Well, here we go again ….
Mortgage interest rates (30-year fixed rate loans) have been very low for a very long time — mostly 5% or below since early 2009, and mostly 4% or lower since late 2011. There have rumors periodically during each of those years that rates were about to rise. We’re hearing it again this week, and if you look at the most recent history, it certainly looks like the rate increases are really here:
Yes, over the past four months, the average 30-year fixed rate mortgage has gone up to more than 4%! But … let’s adjust the scale and add some historical perspective:
For those of you who don’t remember, interest rates spiked to 18% in the early 1980s, and were consistently above 12% from late 1979 through late 1985 — about as long as we’ve had sub-4% rates in this decade. The long-term average (1972 to Present) was 8.2%, about twice today’s rate.
I actually believe that this time we will see rates rise, but not by much and not overnight. I last wrote about this subject almost a year ago (Interest rates going up?), and I included comparisons to other market interest rates and their relationships with mortgage rates.
That post also includes some insight into how higher mortgage rates affect prospective home buyers.
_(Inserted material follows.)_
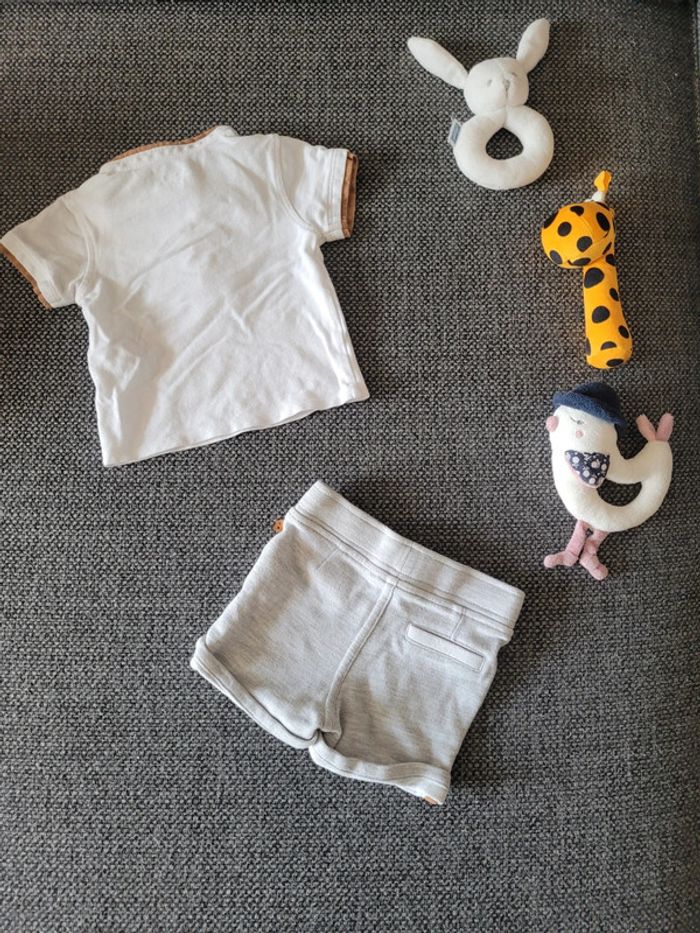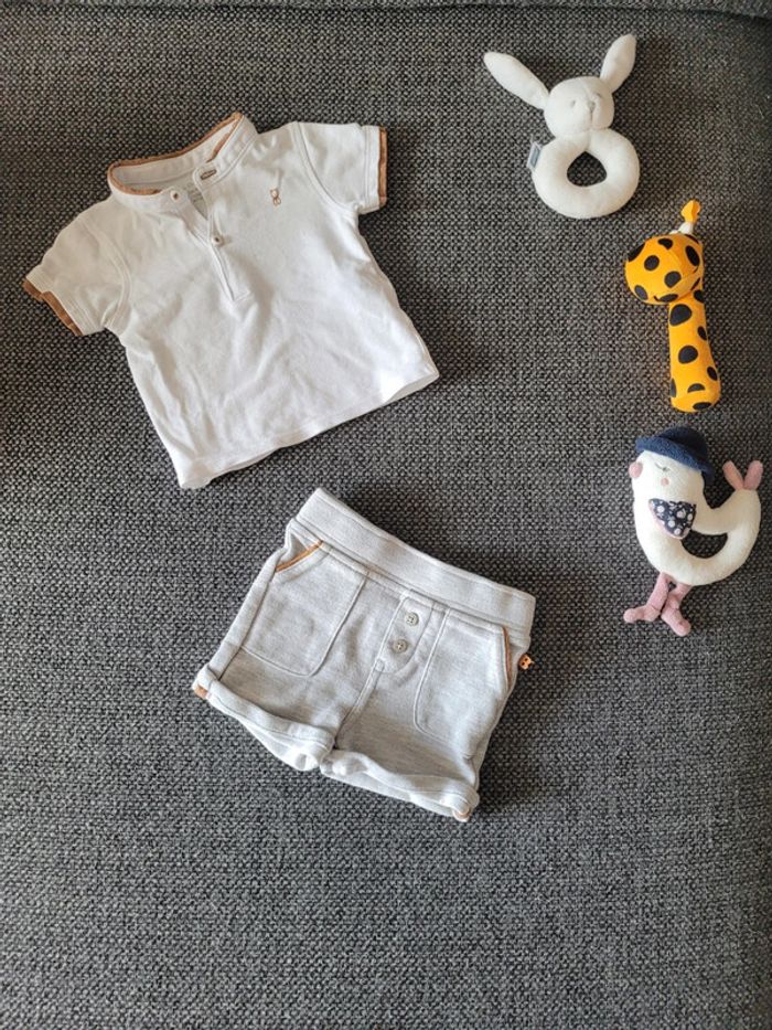 Ensemble pour garçon de taille 3 mois et de la marque Obaibi Composé d'un polo à manches courtes et d'un short assorti Idéal pour l'été Aucune tâche ni trou sauf pour le short qui a un petit trou à peine visible sur l'arrière (voir photos) #mabi38780garcon3mois

If you’re planning a home purchase over the next couple of years, you should be aware that interest rates do impact your buying power.
So … mortgage rates going up? I think so this year. In a recent presentation, Dr. Jim Gaines, Chief Economist at the Texas A&M Real Estate Center, suggested the increase might be in the 0.5% (1/2 of 1%) range by year-end. I’m going to trust Dr. Gaines’ crystal ball on this.